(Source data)

□ □ □ □ □ □ □

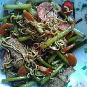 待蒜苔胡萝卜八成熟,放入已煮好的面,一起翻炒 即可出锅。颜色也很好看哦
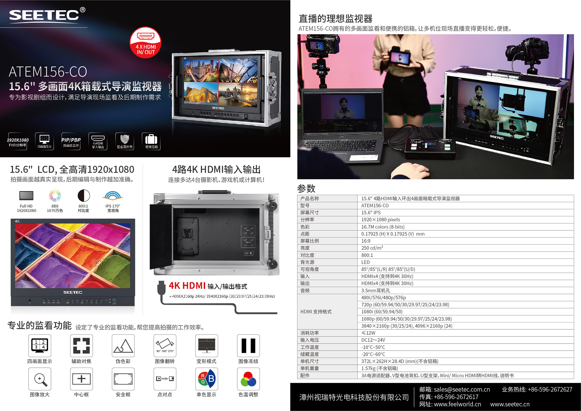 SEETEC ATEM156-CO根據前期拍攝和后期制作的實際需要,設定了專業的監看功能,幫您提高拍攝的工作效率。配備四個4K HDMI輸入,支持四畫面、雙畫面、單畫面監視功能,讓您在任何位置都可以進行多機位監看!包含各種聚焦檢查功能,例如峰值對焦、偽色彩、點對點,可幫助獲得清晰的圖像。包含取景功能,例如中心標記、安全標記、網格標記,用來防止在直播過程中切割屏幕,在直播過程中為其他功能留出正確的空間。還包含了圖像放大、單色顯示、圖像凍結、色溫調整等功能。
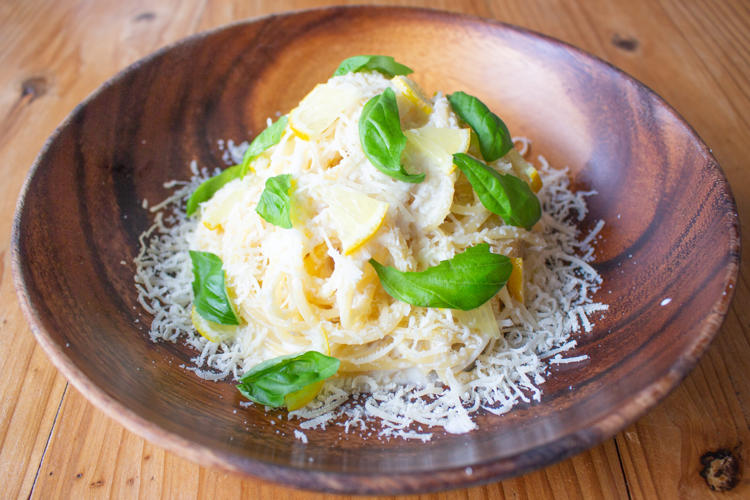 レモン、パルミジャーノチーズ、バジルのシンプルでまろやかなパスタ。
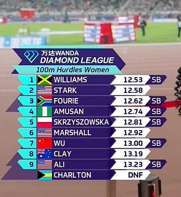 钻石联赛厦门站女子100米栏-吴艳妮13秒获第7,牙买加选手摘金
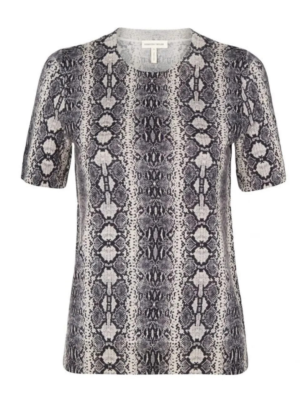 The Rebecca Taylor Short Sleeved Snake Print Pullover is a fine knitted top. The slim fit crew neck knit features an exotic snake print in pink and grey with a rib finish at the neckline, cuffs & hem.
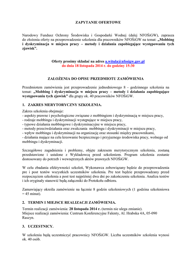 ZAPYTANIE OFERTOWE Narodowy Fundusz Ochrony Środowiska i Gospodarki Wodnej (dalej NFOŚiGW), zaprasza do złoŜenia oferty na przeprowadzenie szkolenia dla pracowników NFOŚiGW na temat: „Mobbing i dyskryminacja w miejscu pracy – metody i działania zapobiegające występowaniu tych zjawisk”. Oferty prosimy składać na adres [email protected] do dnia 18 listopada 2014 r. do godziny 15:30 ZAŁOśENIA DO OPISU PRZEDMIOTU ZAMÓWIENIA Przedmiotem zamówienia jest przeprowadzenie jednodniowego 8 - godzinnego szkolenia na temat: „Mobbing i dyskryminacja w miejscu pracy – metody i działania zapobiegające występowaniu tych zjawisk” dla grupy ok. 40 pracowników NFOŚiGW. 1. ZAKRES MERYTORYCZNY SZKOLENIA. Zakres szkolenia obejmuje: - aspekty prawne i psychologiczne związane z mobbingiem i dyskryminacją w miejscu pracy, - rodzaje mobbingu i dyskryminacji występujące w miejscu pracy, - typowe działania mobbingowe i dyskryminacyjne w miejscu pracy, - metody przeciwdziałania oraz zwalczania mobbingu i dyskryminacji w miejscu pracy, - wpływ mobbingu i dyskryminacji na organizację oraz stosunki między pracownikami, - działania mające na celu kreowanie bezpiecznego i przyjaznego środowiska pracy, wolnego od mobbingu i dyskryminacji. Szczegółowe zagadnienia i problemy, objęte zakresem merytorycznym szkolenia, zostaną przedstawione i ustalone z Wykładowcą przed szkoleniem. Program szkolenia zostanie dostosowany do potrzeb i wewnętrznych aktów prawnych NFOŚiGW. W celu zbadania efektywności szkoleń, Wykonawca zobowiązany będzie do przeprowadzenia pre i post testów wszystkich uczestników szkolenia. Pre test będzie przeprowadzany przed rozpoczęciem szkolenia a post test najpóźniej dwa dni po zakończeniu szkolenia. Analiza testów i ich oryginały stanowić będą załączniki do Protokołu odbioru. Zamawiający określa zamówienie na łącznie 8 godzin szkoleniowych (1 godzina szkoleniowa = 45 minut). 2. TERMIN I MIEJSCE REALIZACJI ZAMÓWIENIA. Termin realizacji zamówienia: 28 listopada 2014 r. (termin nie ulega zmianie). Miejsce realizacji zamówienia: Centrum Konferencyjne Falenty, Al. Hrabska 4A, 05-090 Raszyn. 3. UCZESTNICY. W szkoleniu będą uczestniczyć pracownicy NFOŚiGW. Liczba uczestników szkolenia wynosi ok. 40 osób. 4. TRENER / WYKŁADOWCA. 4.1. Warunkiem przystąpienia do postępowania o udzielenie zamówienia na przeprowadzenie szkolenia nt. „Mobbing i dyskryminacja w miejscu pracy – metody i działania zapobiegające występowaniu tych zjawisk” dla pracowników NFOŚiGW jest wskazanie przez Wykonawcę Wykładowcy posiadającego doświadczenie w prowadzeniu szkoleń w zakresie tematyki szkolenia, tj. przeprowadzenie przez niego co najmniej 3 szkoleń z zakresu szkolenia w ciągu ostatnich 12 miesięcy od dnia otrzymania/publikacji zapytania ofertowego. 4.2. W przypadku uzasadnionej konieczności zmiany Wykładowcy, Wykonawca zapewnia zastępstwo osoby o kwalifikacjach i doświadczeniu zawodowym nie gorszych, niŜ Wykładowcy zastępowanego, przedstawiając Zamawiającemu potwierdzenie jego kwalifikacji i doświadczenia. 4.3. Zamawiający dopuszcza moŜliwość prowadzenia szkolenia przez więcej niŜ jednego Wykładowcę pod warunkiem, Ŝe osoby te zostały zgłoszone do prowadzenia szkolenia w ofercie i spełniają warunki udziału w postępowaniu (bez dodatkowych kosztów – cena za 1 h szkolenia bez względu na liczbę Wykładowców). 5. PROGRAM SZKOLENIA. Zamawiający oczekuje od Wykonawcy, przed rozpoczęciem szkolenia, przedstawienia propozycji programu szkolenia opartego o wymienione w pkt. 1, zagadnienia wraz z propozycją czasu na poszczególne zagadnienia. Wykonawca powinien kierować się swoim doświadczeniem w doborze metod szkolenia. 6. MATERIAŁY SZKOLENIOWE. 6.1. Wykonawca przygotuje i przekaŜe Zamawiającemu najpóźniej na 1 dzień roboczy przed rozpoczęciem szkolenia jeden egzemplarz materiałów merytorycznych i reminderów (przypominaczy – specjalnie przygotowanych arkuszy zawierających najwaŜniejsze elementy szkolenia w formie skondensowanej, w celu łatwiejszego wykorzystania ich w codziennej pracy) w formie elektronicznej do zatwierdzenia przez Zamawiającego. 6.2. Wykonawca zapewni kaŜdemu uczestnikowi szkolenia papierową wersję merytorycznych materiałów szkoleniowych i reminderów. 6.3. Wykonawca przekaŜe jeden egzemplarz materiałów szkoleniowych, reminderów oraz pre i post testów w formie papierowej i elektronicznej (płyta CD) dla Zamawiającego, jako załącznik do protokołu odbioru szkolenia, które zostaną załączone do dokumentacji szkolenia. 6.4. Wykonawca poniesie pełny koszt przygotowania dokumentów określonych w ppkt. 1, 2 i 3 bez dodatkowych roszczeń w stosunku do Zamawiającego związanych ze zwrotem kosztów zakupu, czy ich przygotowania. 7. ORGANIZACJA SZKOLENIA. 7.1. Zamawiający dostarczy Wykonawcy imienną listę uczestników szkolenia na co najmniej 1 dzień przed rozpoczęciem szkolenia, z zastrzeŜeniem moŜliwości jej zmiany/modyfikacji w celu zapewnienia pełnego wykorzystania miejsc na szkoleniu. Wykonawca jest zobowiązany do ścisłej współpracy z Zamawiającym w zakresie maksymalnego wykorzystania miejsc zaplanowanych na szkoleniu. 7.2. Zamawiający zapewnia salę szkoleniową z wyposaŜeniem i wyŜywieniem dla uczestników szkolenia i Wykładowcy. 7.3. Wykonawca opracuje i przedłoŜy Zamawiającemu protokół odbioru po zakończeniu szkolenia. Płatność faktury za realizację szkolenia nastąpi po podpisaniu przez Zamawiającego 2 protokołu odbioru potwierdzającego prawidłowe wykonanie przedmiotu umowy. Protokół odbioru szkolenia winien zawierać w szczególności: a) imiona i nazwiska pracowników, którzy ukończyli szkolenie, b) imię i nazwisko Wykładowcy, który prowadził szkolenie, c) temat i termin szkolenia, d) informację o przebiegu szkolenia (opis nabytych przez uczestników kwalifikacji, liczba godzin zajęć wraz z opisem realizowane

□ □ □ □ □ □ □

◆ **Instructions for the task**
Both ends included, copy word for word the lines from the top of the entries above through the line with "The Rebecca Taylor". No pictures.

◆ **Written solution**
 待蒜苔胡萝卜八成熟,放入已煮好的面,一起翻炒 即可出锅。颜色也很好看哦
 SEETEC ATEM156-CO根據前期拍攝和后期制作的實際需要,設定了專業的監看功能,幫您提高拍攝的工作效率。配備四個4K HDMI輸入,支持四畫面、雙畫面、單畫面監視功能,讓您在任何位置都可以進行多機位監看!包含各種聚焦檢查功能,例如峰值對焦、偽色彩、點對點,可幫助獲得清晰的圖像。包含取景功能,例如中心標記、安全標記、網格標記,用來防止在直播過程中切割屏幕,在直播過程中為其他功能留出正確的空間。還包含了圖像放大、單色顯示、圖像凍結、色溫調整等功能。
 レモン、パルミジャーノチーズ、バジルのシンプルでまろやかなパスタ。
 钻石联赛厦门站女子100米栏-吴艳妮13秒获第7,牙买加选手摘金
 The Rebecca Taylor Short Sleeved Snake Print Pullover is a fine knitted top. The slim fit crew neck knit features an exotic snake print in pink and grey with a rib finish at the neckline, cuffs & hem.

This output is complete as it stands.